■ **Exercise inputs**:
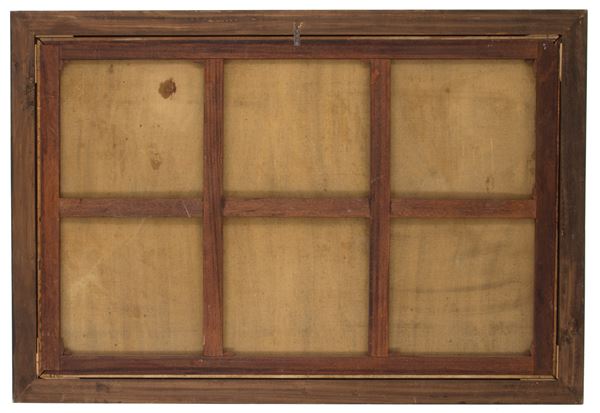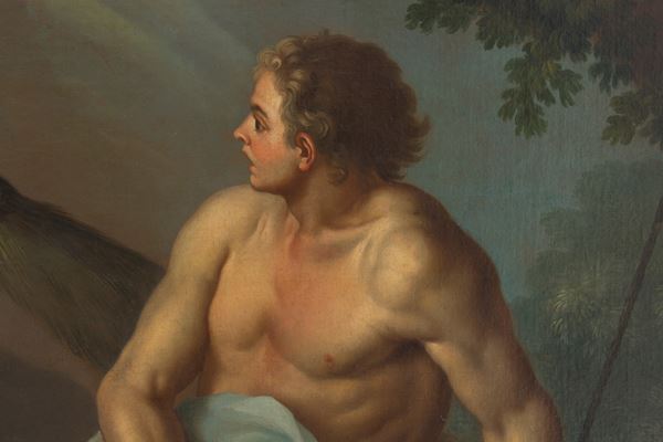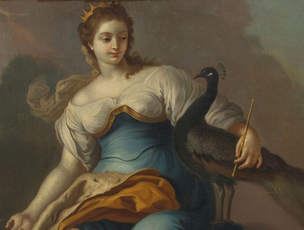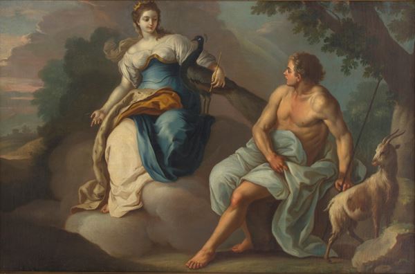 Oil painting on canvas depicting "JUNO WITH SHEPHERD". 18th century. Framed. Already relined and restretched. Defects.
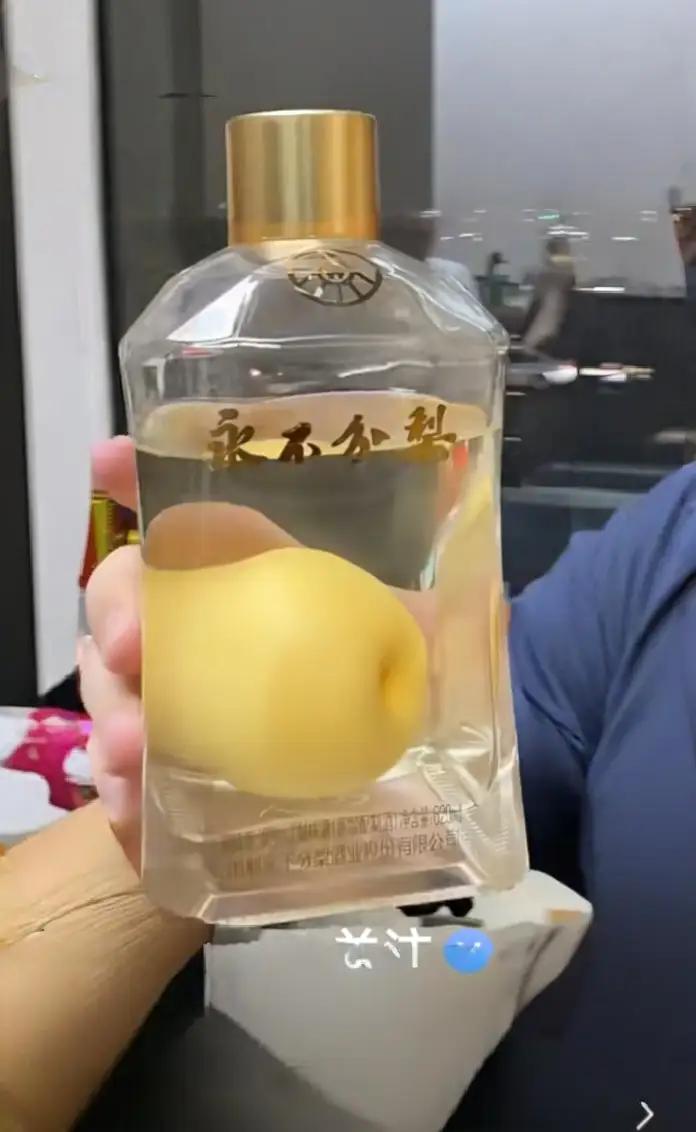 开箱“永不分梨”白酒,整颗雪梨完整封在瓶中,很多人都好奇它是怎么进去的。其实并不是硬塞进去,而是在梨子还小的时候就套上酒瓶,挂在树上自然长大,成熟后再灌装白酒。满满巧思,颜值与寓意兼备,难怪一开箱就惊艳众人。
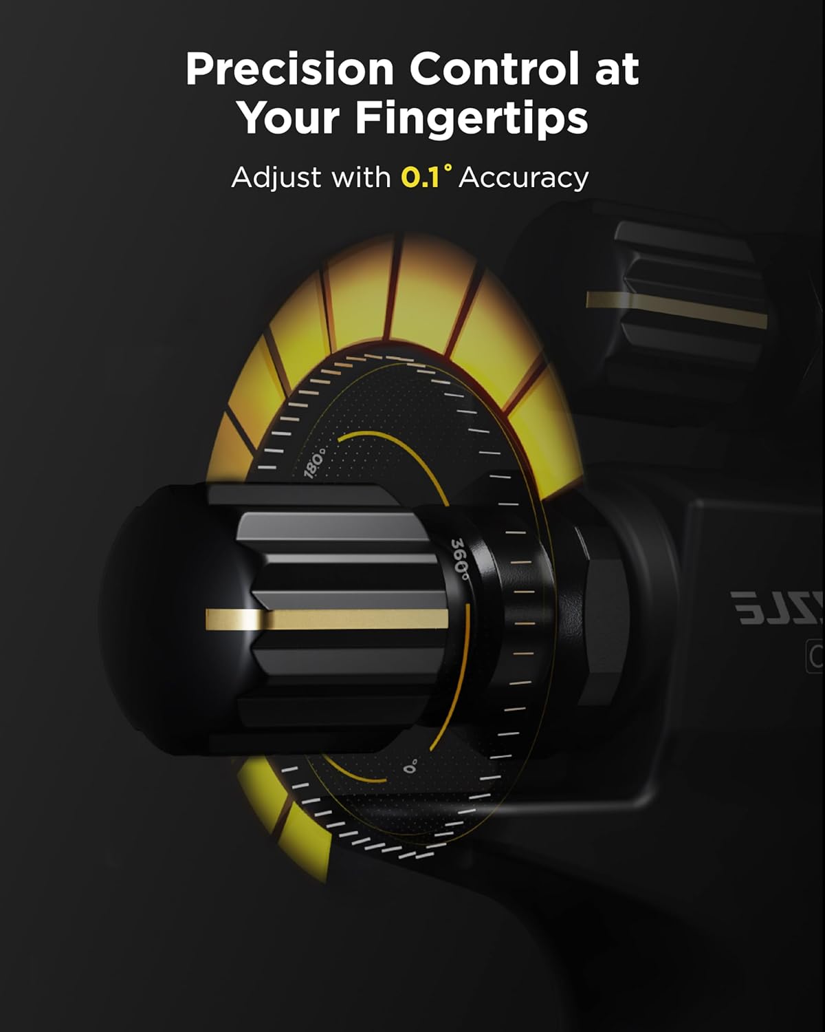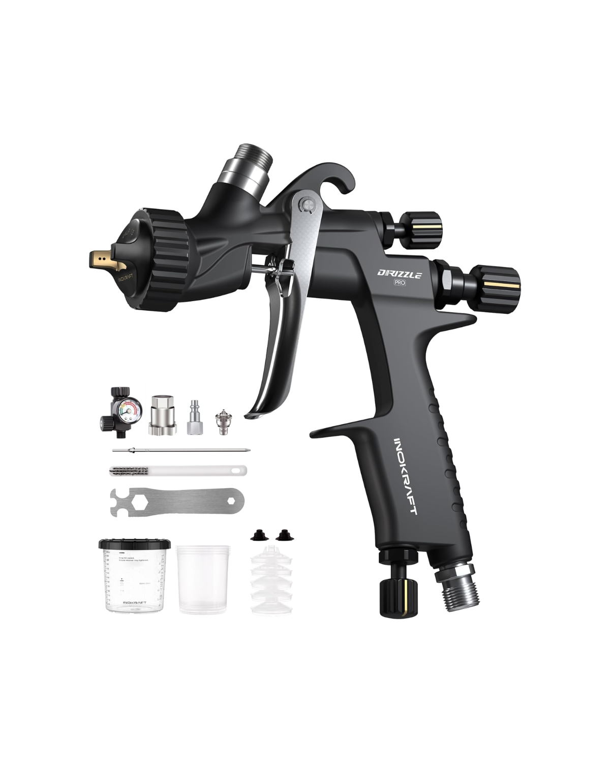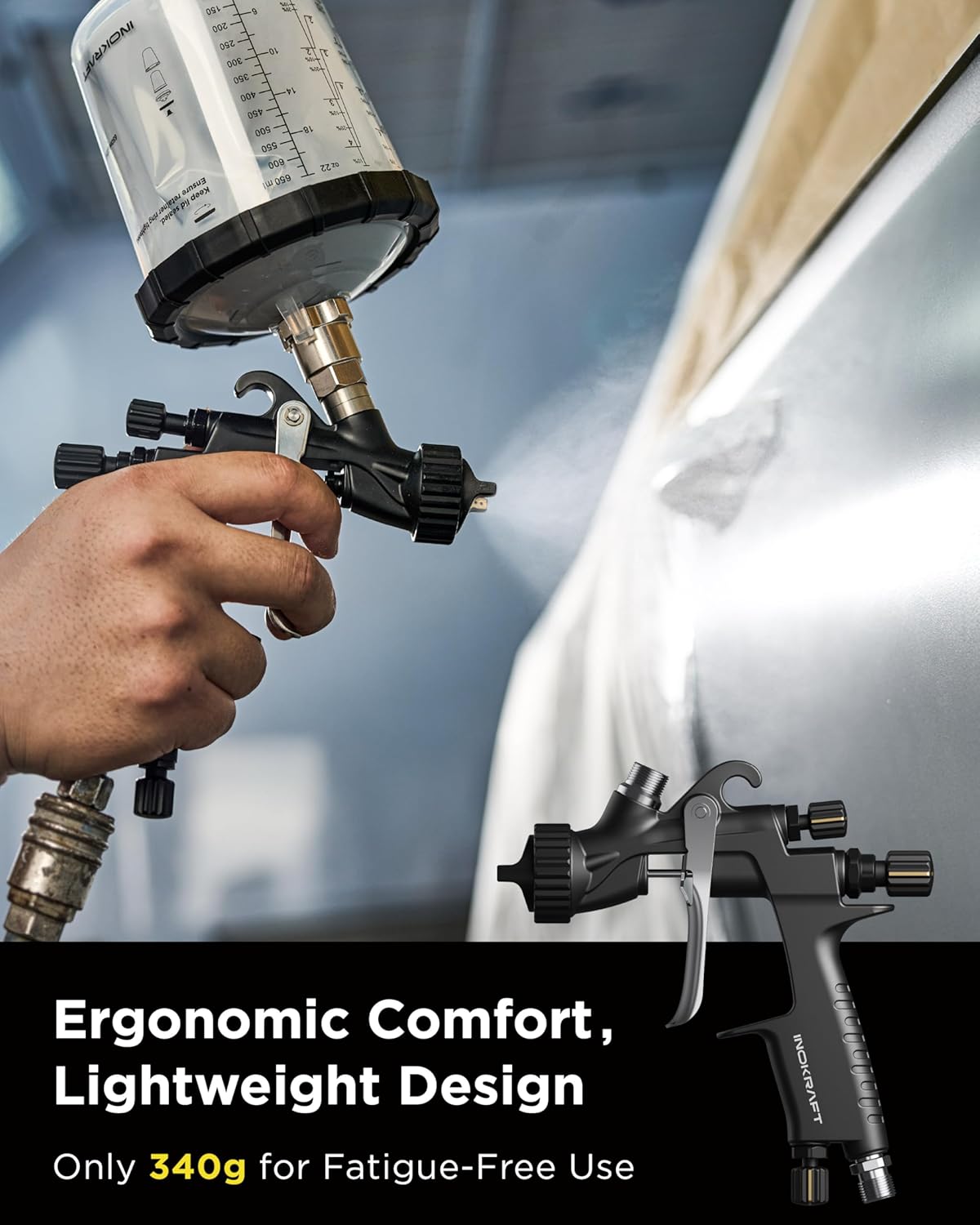 - Race-Inspired Precision Control: Three knobs offer infinite, stepless linear adjustments—suitable for experts demanding pixel-level control. The go-to gun for automotive primers, basecoats and clearcoats.
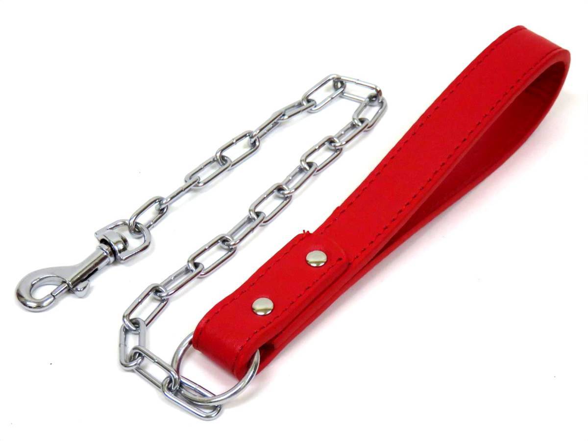 > 赤 犬用 チェーンリード 全長 65cm 持ち手幅 2.5cm チェーン幅 1cm PUレザー チェーン部 鉄 レッド ペット用品 散歩 新品 送料無料
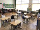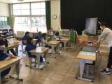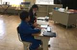 先生や友達紹介、役割分担などを行いました。学習用タブレットも使って、交流しました...
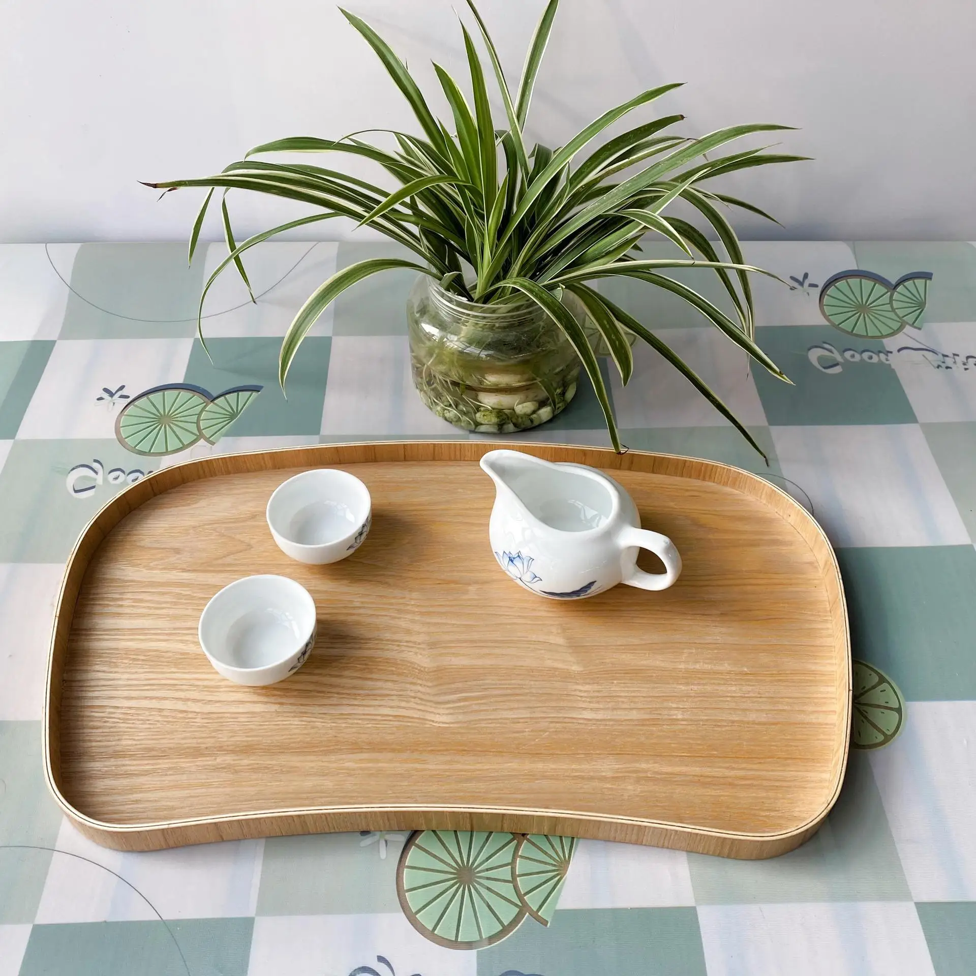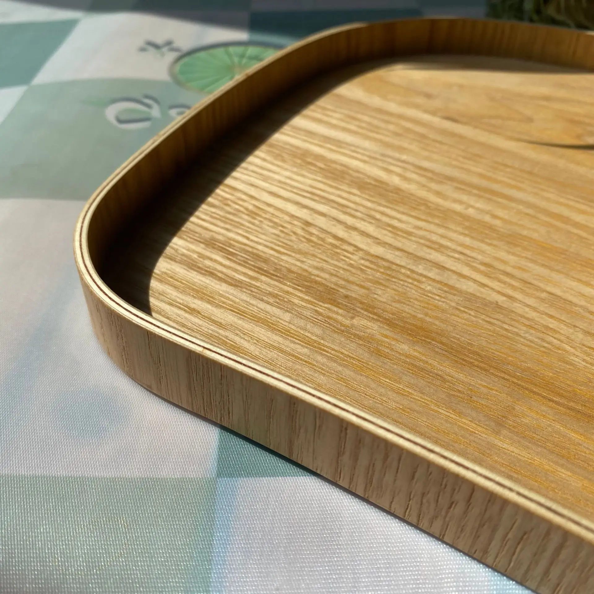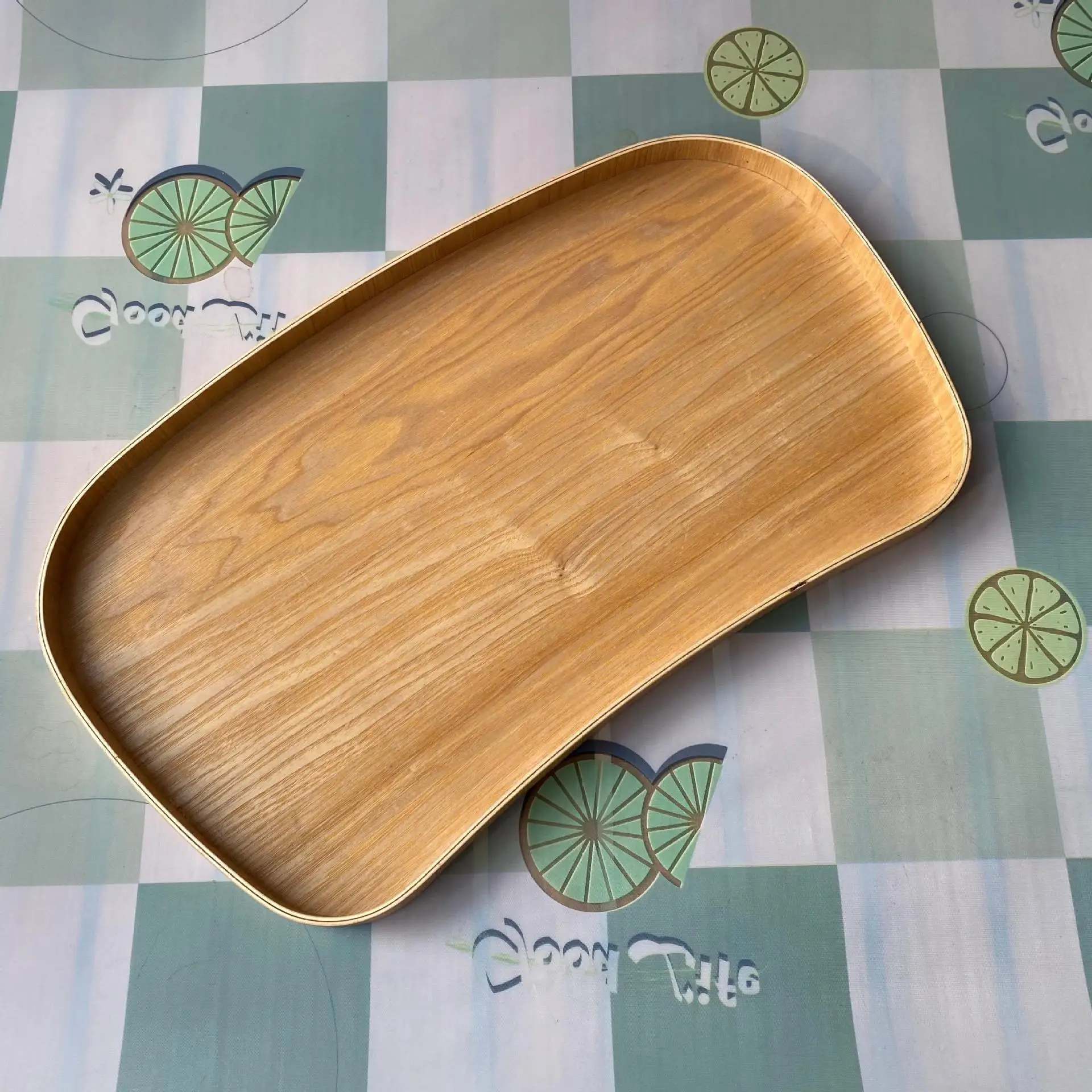 High Quality Japanese Style Ash Willow Bakery Cake Plate Bent Wooden Serving Tea Plywood Tray for Storage

■ **Aim of the exercise**: The output should consist of the records above, reproduced exactly, without pictures.

■ **Answer for this exercise**:
 Oil painting on canvas depicting "JUNO WITH SHEPHERD". 18th century. Framed. Already relined and restretched. Defects.
 开箱“永不分梨”白酒,整颗雪梨完整封在瓶中,很多人都好奇它是怎么进去的。其实并不是硬塞进去,而是在梨子还小的时候就套上酒瓶,挂在树上自然长大,成熟后再灌装白酒。满满巧思,颜值与寓意兼备,难怪一开箱就惊艳众人。
 - Race-Inspired Precision Control: Three knobs offer infinite, stepless linear adjustments—suitable for experts demanding pixel-level control. The go-to gun for automotive primers, basecoats and clearcoats.
 > 赤 犬用 チェーンリード 全長 65cm 持ち手幅 2.5cm チェーン幅 1cm PUレザー チェーン部 鉄 レッド ペット用品 散歩 新品 送料無料
 先生や友達紹介、役割分担などを行いました。学習用タブレットも使って、交流しました...
 High Quality Japanese Style Ash Willow Bakery Cake Plate Bent Wooden Serving Tea Plywood Tray for Storage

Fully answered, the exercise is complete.